(承前)
以前ブログに書きましたし、ホームページのエッセイにもまとめたことがありますが、今から9年前、大学の先輩でアルバイト先の同僚だった女性が殺害されるという事件が起きました。いまだに犯人は捕まっていないのですが、どうやって調べたのか、この僕に取材の申し入れが来たのでした。

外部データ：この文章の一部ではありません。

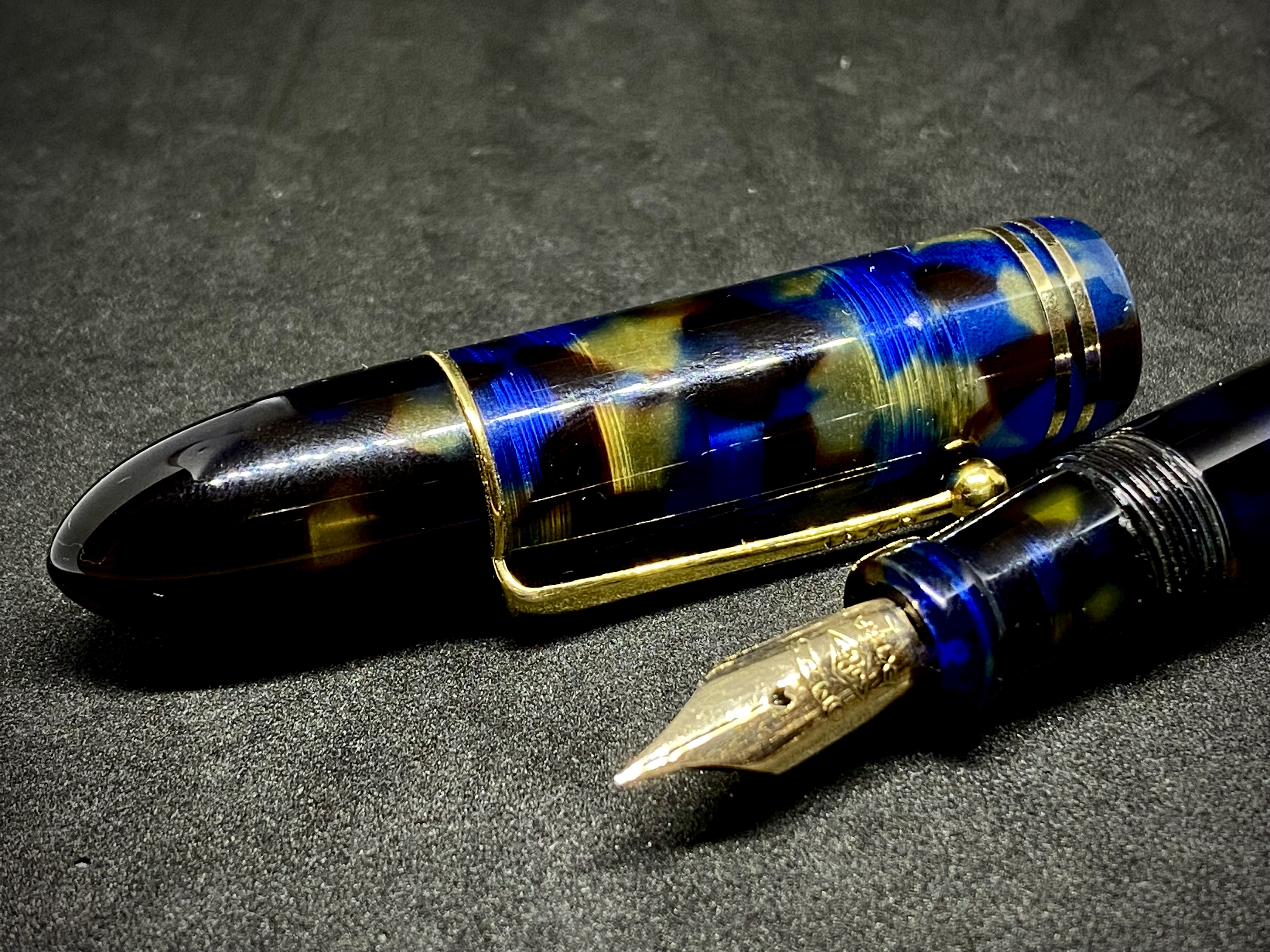 La penna è in acetato di cellulosa, un materiale di quelli che secondo me o si amano o si odiano per la sua particolare colorazione. Io ovviamente l’ho amato subito, il cosiddetto colpo di fulmine; è un materiale che mi ricorda le celluloidi Extra Lucens di Omas, un materiale che presenta delle semi-trasparenze che vanno dal blu all’ambra con una predominanza di blue. La profondità di questa celluloide moderna è impressionante, si vedono le diverse tonalità di colore galleggiare, una sopra l’altra. A prima vista da’ quasi una sensazione di fragilità, ma una volta impugnata ci si rende conto di avere tra le dita una penna solida e di ottima fattura

メールは受け取ったものの、果たしてどう対応すべきなのか、僕は困ってしまいました。凡そマスメディアなるものは、事実の断片を都合よく繋ぎ合わせた憶測を垂れ流すものだと思っていましたから、そんな連中の片棒を、言われるがまま担ぐのは御免だと思っていました。しかし、その一方で、この事件が風化して迷宮入りしてしまうのは嫌だとも思っていました。僕がこの取材に応えることで、事件解決の一助になるのかどうか、相手が取材したい点とは何なのかを見極めなければならないと思いました。
そんなことを考えているうちに、数日が過ぎてしまっていました。そもそも、僕はEメールを書くのが極めて遅いのです。文書として残るものについて、いい加減なことを書き殴りたくはないし、言葉を慎重に選ばなければ、相手に要らぬ誤解を与えかねないからです。そして、記者氏からは催促のメールが届くのでした。

Subject: 改めまして
Date: Sat, 13 Nov 2004 21:34:34 +0900
From: Yoshikawa Toru < yoshikawat2@tv-asahi.co.jp >
To: Nobutaka Mizuno

水野様

テレビ朝日 吉川です。先日メールを送らせていただいたものです。
改めまして、取材のお願いなのですが、、、

少ない人脈の中から上智大学生のつてを手繰り、
ようやく8年前に亡くなった小林さんのアルバイト先で
一緒だった水野様に行き着きました。

サークル関連の同級生やご家族には話が聞けているのですが、
アルバイト先での彼女の様子が知りたく、
お話をお伺いする機会をいただけないかというお願いのメールです。

時間などは水野様のご都合に合わせ、無理のないようにしますので、
なんとかご協力お願いできませんでしょうか?

テレビ朝日 編成制作局 制作1部
「奇跡の扉 TVのチカラ」吉川 徹

あれこれ考えた挙句、僕は返事を書くことにしました。

Subject: 取材の件
Date: Sun, 21 Nov 2004 05:24:55 +0900
From: Nobutaka Mizuno
To: Yoshikawa Toru < yoshikawat2@tv-asahi.co.jp >

吉川様

長らくご返答申し上げず失礼致しました。
貴信のご趣旨理解致しました。

報道関係の取材というのを私は受けたことがありませんので
どのようなものなのか見当がつきませんし
取材を受けるとして何をお話しすればよいのか
正直なところよく分かっていません。
具体的な内容についてご教示いただけますでしょうか。

アルバイト勤務中の話を知りたいと仰るのであれば、
私に聞くよりも当時中国放送東京支社に働いておられた方々に
伺ったほうが適切という気もします。

個人的には捜査と報道は別物と理解していますし
これまでに、知る限りのことは全て警察の方にお話しして参りました。
何か質問をされて、それが私一人の責任では済まないこと
(e.g. 故人や故人の周囲の人々のプライバシーに関わりかねない事柄)
であったとしたら、それを軽々しく述べて良いものか
そしてその内容が一体どのように扱われるのかという疑問もあります。
また、現在私は勤務先で全国にお客様を抱えております。
言うまでもなく私は容疑者ではありませんので
後ろめたいことは何もありませんが
殺人事件に関わる報道において私の名前、顔、声などが出るような
ことがあれば、今後の営業に差し障りが出ないとも限りません。
これら点については如何お考えでしょうか?

好き勝手に申し上げて参りましたが、
具体的な取材の内容、並びにその内容がどのように扱われるのか
という点について明確にしていただきたくお願い申し上げます。

以上/水野

実際、僕には札幌から福岡にまで顧客がいますし、テレビに出られて嬉しいでしょうなどとはしゃいでいられる話題でもありません。そして何より大事なのは、僕が何かを話したとして、それが自分の意図しないことに利用されたり、発言がトリムされたり、関係のない第三者に影響を及ぼしたりすることだと思っていました。故人のためにも、事件解決の一助となるのであれば取材は受けるべきなのでしょうが、ただ昔の知り合いと言う存在を、言わば演出上の映像素材として欲しいというのであれば、断乎跳ね除けるべきだろうと思っていました。ともかくも、相手の取材意図を見極める必要がありました。